We could debate endlessly whether it is a news organization or a propaganda machine, but can anyone seriously now disagree it had a vicious, sex-obsessed, vain and monstrous male-dominated culture? Doesn't that answer the other question also: or can bad people ever do good work?

Democrats and abortion

No! The Democratic party can't support "pro-life" candidates, any more than it can support pro-segregation candidates, because it is the same damn issue: equality. It is not a private moral matter: women who don't have autonomy, control of their own bodies, cannot function as equals in work, career, politics, or at any social level, even if there are some women who don't see it that way.
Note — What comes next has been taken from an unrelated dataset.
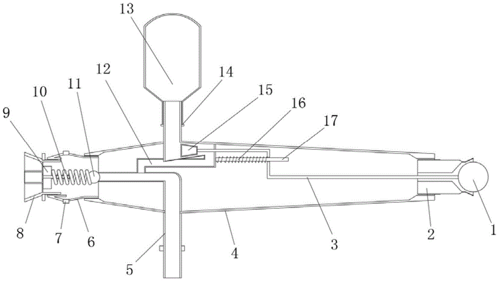 本实用新型公开了一种除醛仪防漏液喷头,包括壳体,所述壳体的一侧转动连接有端盖,端盖的一侧转动连接有按压球,按压球的一侧通过螺栓固定有推杆,所述壳体的一侧设有进料管,进料管的一端套接有存料仓,所述进料管的两侧焊接有垫片,垫片与存料仓相接触,且进料管的一侧插接有堵头,堵头与推杆固定连接,所述推杆的一侧焊接有导向杆,导向杆的一侧套接有第二弹簧,第二弹簧的一端与推杆固定连接,第二弹簧的另一端与进料管固定连接。本实用新型的优点是能够解决人们忘记关闭或没关紧喷头时就会出现漏液的问题,节约资源,其次可以对喷头的出水速度以及喷洒面积进行调节,灵活性好,提高了装置的灵活性。
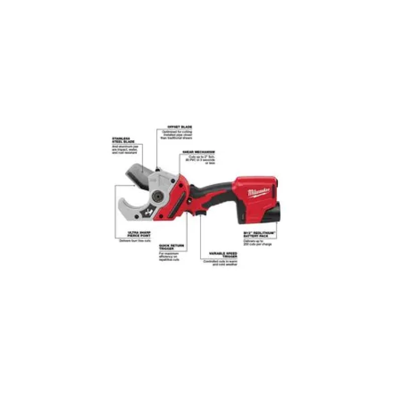 The MILWAUKEE® M12™ Plastic Pipe Shear cuts cleaner, faster, closer, and longer than traditional plastic pipe shears with over 200 cuts on one battery charge. The M12™ Plastic Pipe Shear can cut through 2” schedule 80 PVC in three seconds or less. Its razor-sharp pierce-point leaves pipe and tubing clean, burr-free, and ready for installation, minimizing the time spent on the job. Instantly open the jaw to increase productivity in repetitive cuts by using the tool’s quick blade release. Professionals can expect more work from this cordless shear with a 3mm stainless steel blade and aluminum jaw that resists impact, water, and rust. This Milwaukee pipe shear is powered by an M12™ REDLITHIUM Battery for more power and a longer run-time for maximum cuts per charge. The on-board battery fuel gauge helps monitor the charge status, so there’s less downtime on the job.

I keep obsessively returning to the "Stand Your Ground" laws, which mandate that men (mostly men resort to them) can kill an innocent person legally if they had a reasonable fear of being physically interfered with. It is a huge, grotesque, murderous double standard to say that women alone have a duty to allow interference. You actually cannot reconcile an abortion ban with "Stand Your Ground": why can't a woman stand her ground against a pregnancy she does not want?